Since there are totally 4269678 lines, we will only use some of it in our analysis/project. We decided to pick approximately 100k lines from each file.
conn <- file("/Users/ovunc/Desktop/Code_Related/R/NLP Project/final/en_US/en_US.twitter.txt","r")
conn1 <- file("/Users/ovunc/Desktop/Code_Related/R/NLP Project/final/en_US/en_US.news.txt","r")
conn2 <- file("/Users/ovunc/Desktop/Code_Related/R/NLP Project/final/en_US/en_US.blogs.txt","r")
set.seed(31)
to_keep <- rbinom(n,1,0.05)
to_keep1 <- rbinom(n1,1,0.1)
to_keep2 <- rbinom(n2,1,1/9)
lines <- readLines(conn)[which(to_keep==1)]

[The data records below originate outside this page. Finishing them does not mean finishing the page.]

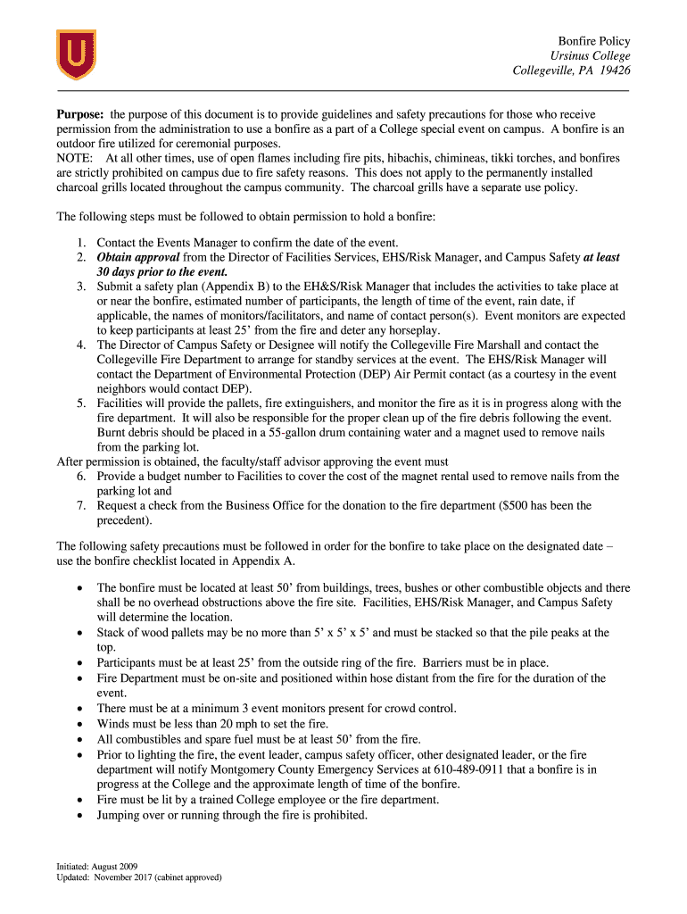 Bonfire Policy Your sinus College Collierville, PA 19426 Purpose: the purpose of this document is to provide guidelines and safety precautions for those who receive permission from the administration
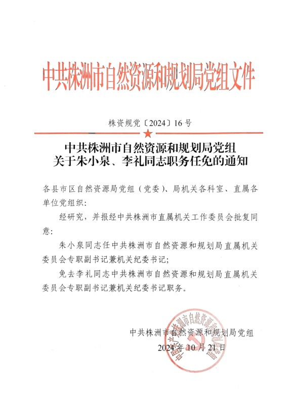 关于朱小泉、李礼同志职务任免的通知(株资规党[2024]16号)
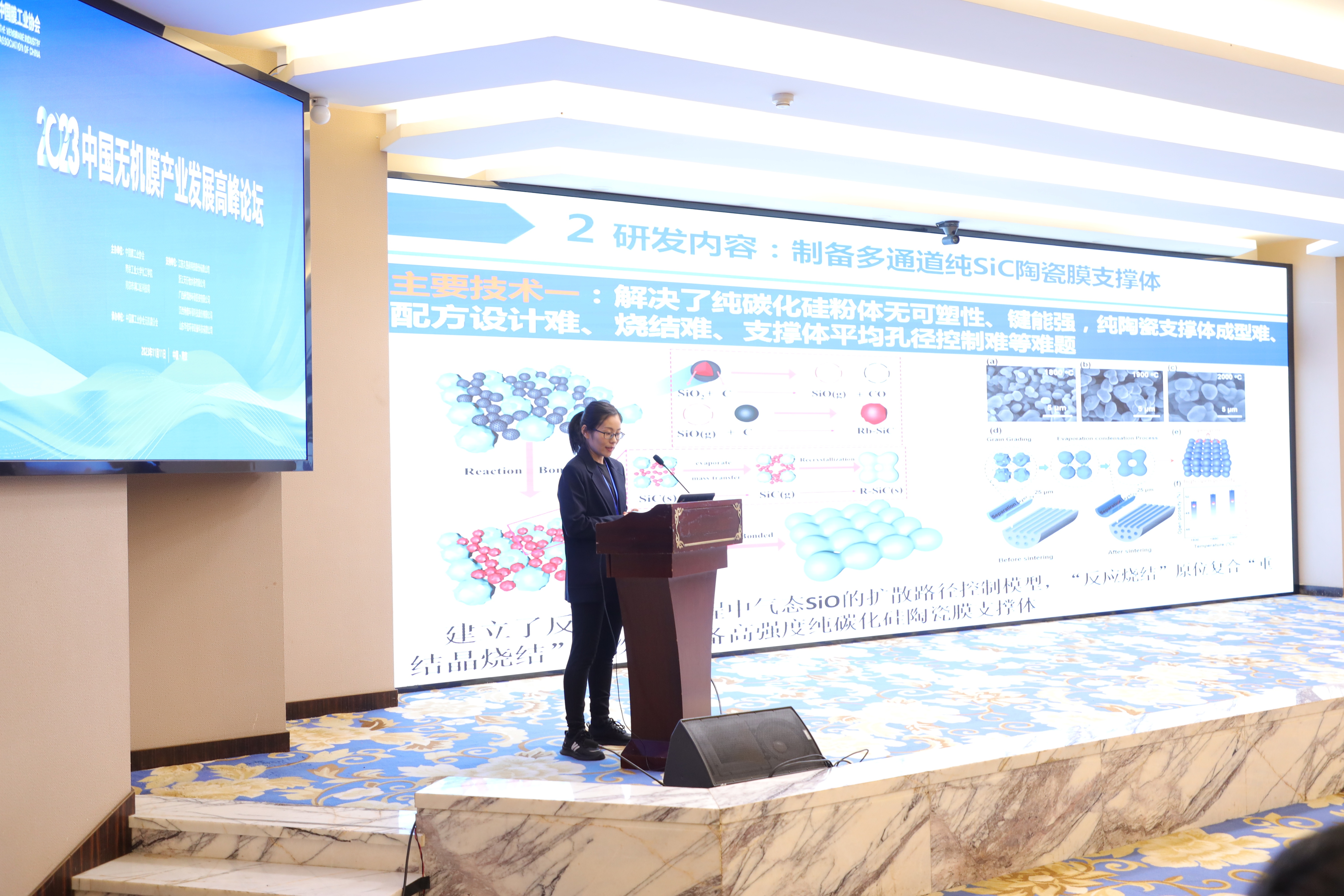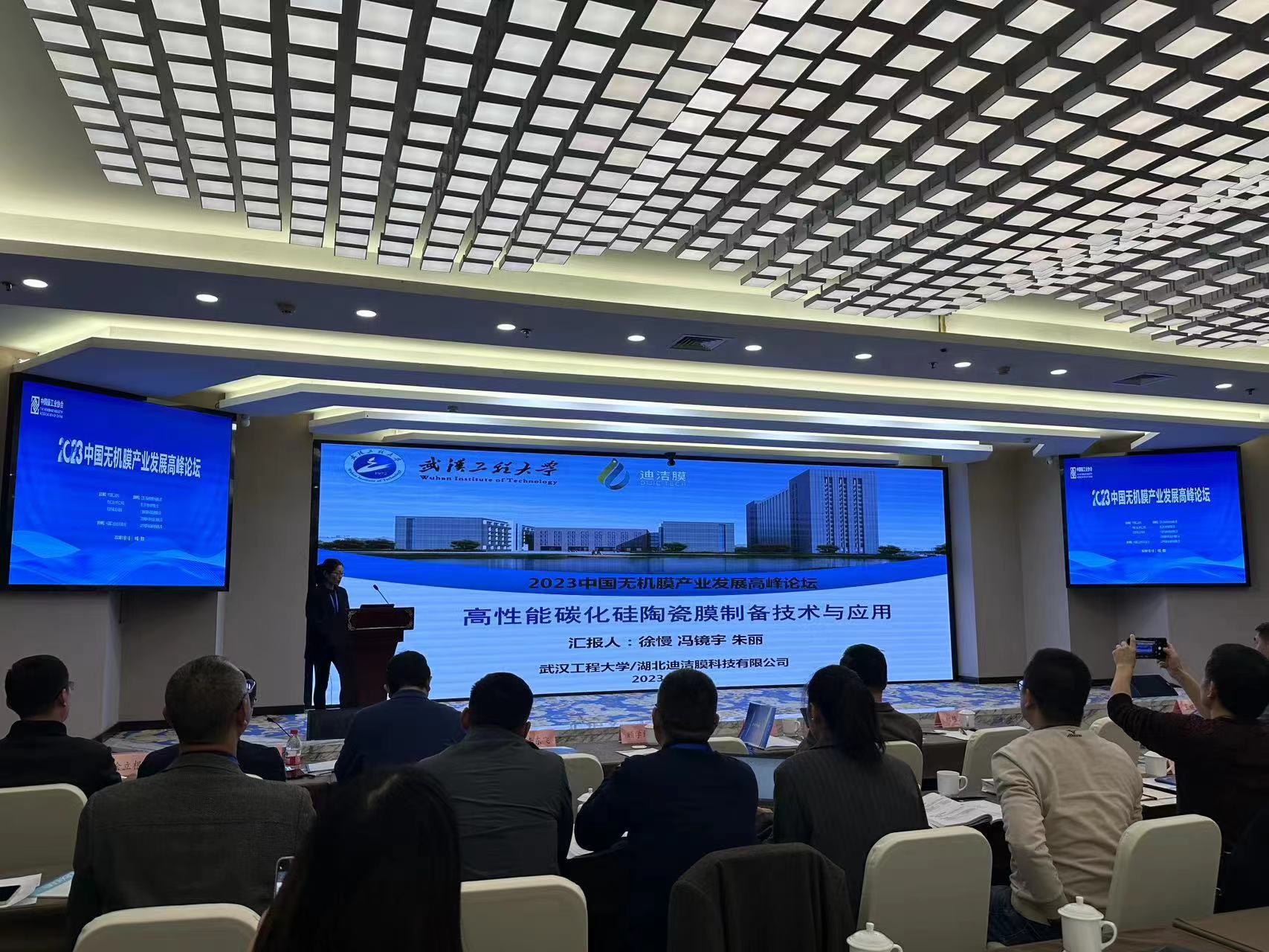 2023年11月11日,2023年中國無(wú)機膜產(chǎn)業(yè)發(fā)展高峰論壇在南京順利召開(kāi)。湖北迪潔膜研發(fā)團隊(朱麗教授)就碳化硅陶瓷膜的生產(chǎn)及應用技術(shù)做了專(zhuān)題報告。

lines1 <- readLines(conn1)[which(to_keep1==1)]
lines2 <- readLines(conn2)[which(to_keep2==1)]
close(conn)
close(conn1)
close(conn2)
our_lines <- c(lines,lines1,lines2)
Now we will tokenize our lines. In other words we will pick every words, punctuation, and numbers from the lines and create a huge list.
n <- length(our_lines)
tokens <- vector("list",n)
for (i in seq_along(our_lines)){
tokens[[i]] <- unlist(
regmatches(our_lines[i],gregexpr("[A-Za-z0-9]+|[[:punct:]]", our_lines[i])))
}
tokens <- unlist(tokens)
tokens <- tolower(tokens)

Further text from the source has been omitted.